Recent nutritional wisdom has portrayed conflicting views when it comes to the idea of “snacking.” Most women’s magazines praise the virtues of small meals throughout the day, while current bestseller The Fast Diet touts stretching as much time as possible between meals without so much as a nibble. The Fast Metabolism Diet recommends eating six times daily in order to turn your body into a “fat-burning furnace,” while Mireille Guiliano claims that avoiding snacks is one of the key reasons why French women simply don’t get fat. So what’s a girl to do with all these mixed messages? Ultimately, I think it comes down to listening to your own body and learning to distinguish when we’re really hungry. Some of us are ravenous at breakfast and some are hungrier at dinner; certain lifestyles demand smaller, more frequent meals, while others allow for a long lunch that will tide you over through the entire afternoon. I find that I almost always need a little boost around 3 or 4pm, so I’ve made it a point to stock the pantry with a few healthy, go-to items (some salty, some sweet) that feel like a treat and will keep mindless grazing at bay. Click through for all my current favorites…
Popcorn with Sea Salt + Chili
Popcorn is one of those magical foods that tastes very snack-y and even a little naughty… yet is surprisingly low in calories and full of fiber and antioxidants. Perfect for those days when the munchies try to get the best of you. Just make sure you use “naked” air-popped popcorn, since flavored kinds can be doused in lots of oils and ingredients that are difficult to pronounce (never a good sign.) I love to sprinkle mine with sea salt and little hit of chili powder.
Dark Chocolate Squares & Clementine Segments
Anyone else obsessed with the combination of dark chocolate and orange? This favorite snack of mine combines those flavors into one, satisfyingly guilt-free bite. Clementines are a sweet, easy-to-eat Vitamin C powerhouse that comes in at a measly 35 calories, and of course we all rejoiced the day that the experts announced the antioxidants found in dark chocolate. Since this is about quality over quantity (1 small square of chocolate should do you) buy the best dark chocolate bar you can get your hands on.
There’s truly nothing better than a crispy, crunchy snack for mindless munching on the road or on the coffee table at a family gathering. Packed with protein, these bites also add a pop of flavor to a soup or salad.
For those afternoons when I need something sweet, GoodPops are my favorite way to satisfy the urge. The coffee flavor, clocking in at just 96 calories, makes me feel like a just dug into a bowl of java ice cream…and it’s got just enough locally-roasted organic coldbrewed coffee to give me the caffeine kick I need to push through the afternoon slump.
Many granola bars are highly-processed and full of sugar, so I love knowing that when I grab a KIND bar, I’m consuming straightforward whole ingredients like fruit, nuts and honey. Nothing weird, nothing scary. Pomegranate Blueberry Pistachio and Dark Chocolate Cherry Cashew with Antioxidants are my faves.

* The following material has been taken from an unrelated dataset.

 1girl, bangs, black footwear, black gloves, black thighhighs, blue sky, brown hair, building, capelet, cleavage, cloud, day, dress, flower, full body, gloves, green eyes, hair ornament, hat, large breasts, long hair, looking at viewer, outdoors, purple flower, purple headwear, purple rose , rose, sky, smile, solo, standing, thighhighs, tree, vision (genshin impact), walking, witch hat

Roasted Almonds + Dried Apricots
I eat a crazy amount of almonds each day, and I love the combination of roasted, unsalted ones with chopped dried apricots for a quick and healthy “trail mix” I can munch at my desk.
Kashi GoLean Hot Cereal
These little 150-calorie packs of goodness are full of whole oats, flaxseeds, barley and red wheat, and boast 9 grams of protein and 7 grams of fiber per pack. They’re the perfect mid-morning snack when you don’t have time for a good breakfast and can’t make it through until lunch without something warm and cozy.

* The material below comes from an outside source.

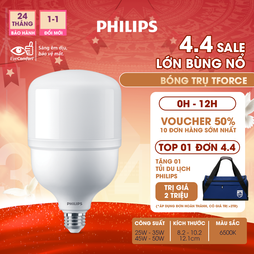 Bóng đèn Philips trụ TForce siêu sáng (25W,35W,45W, 50W) - Ánh sáng trắng 6500K (01 bóng)

Pumpkin Seeds and Blueberries
I love the satisfyingly salty crunch of pumpkin seeds paired with a handful of sweet, juicy blueberries. Researchers keep discovering new pumpkin seed benefits all the time — these tiny powerhouses are bursting with magnesium, protein and zinc, plus loads of antioxidants. Blueberries, for their part, have some of the highest concentrations of antioxidants of any fruits or vegetables, and they’re low on the glycemic index which means they won’t send blood sugar soaring. Best of all, these are both whole foods that don’t require prep work or refrigeration, making them one of the best grab-and-go snacks around.

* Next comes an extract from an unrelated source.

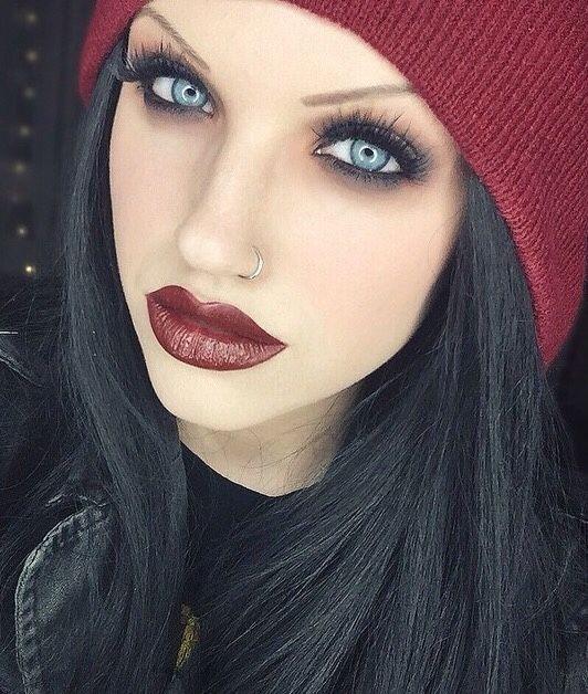 Mắt khói tone nâu với mascara thật dày cùng tông son đỏ tạo nên một sức hút kỳ lạ. (Ảnh: Glam&Gore)

These crunchy slices of dried orange, apple and pear slices are like eating chips, only tastier, gluten-free and a whole lot healthier. Great on their own, they’re also a perfect accompaniment to cheese and wine (happy hour snacks, anyone?)
These nutritional powerhouses will have you saying goodbye to the potato chip for good. I’ve been dipping my low-cal, fiber-rich veggie chips in hummus and greek yogurt, or I enjoy simply squeezing a lemon over the kale on its own. Not to mention, you’ll get the same crunch without worrying about high sodium content.